For the case of batchNode.batch(); optimization, here is 1 fps again with lessened object-numbers:
Object number is now only several hundreds but fps is still at 1!
Sending just sphere positions to gpu and letting it calculate the vertex positions could be better than calculating vertexes on cpu plus sending huge data to gpu.
No-one here to help? Already tried batchNode but did not help enough.
I dont want to change 3d api because jMonkey people already reinvented the wheel and I'm happy with current situation. Just trying to squeeze a little more performance(canceling shadows gives %100 speed but quality is important too!).
This java program will become an asteroid-impact scene simulator(there will be choice of asteroid size,mass,speed,angle) with marching-cubes algorithm with LOD(will be millions of particles).

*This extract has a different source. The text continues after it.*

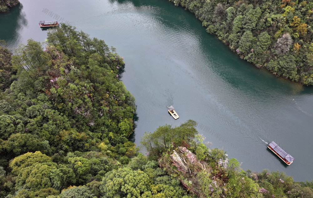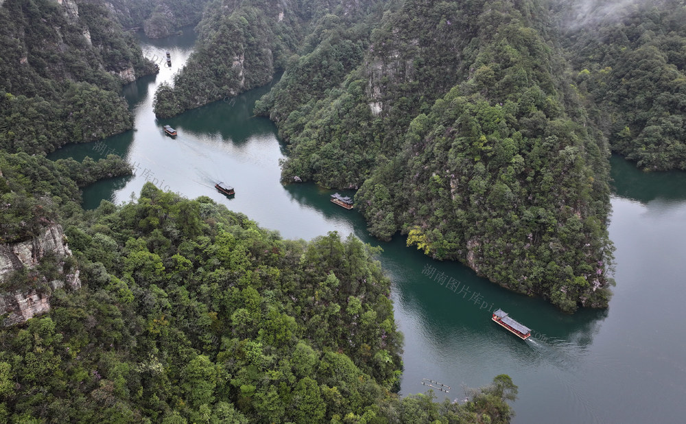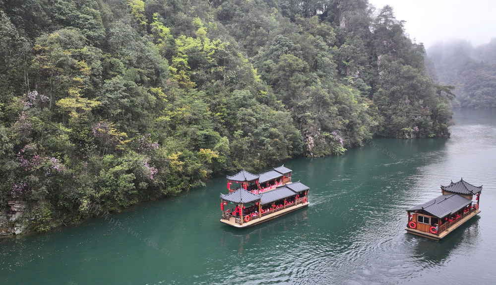 2026年3月30日,游客在张家界市武陵源区宝峰湖景区乘船游览。 吴勇兵 摄

Marching-cubes algorithm would decrease the triangle numbers greatly. If you couldnt give any answer the question, any marching-cubes(or any O(n) convex hull) algorithm for java will be accepted! Data: x,y,z arrays as source and triangle-strip-array as target(iso-surface mesh points)
Thanks.
Here are some samples about the stream(with a much lower resolution):
1)Collapsing of a cube-shaped rock-group by gravitation:
2)Exclusion force starts to show itself:
3)Exclusion force + gravitation makes the group form a more smooth shape:
4)Group forms a sphere(as expected):
5)Then, a big stellar body approaches:
6)About to touch:
7)The moment of impact:
With help of Barnes-Hutt algorithm and a truncated potential, particle numbers will be 10x(maybe 100x) more.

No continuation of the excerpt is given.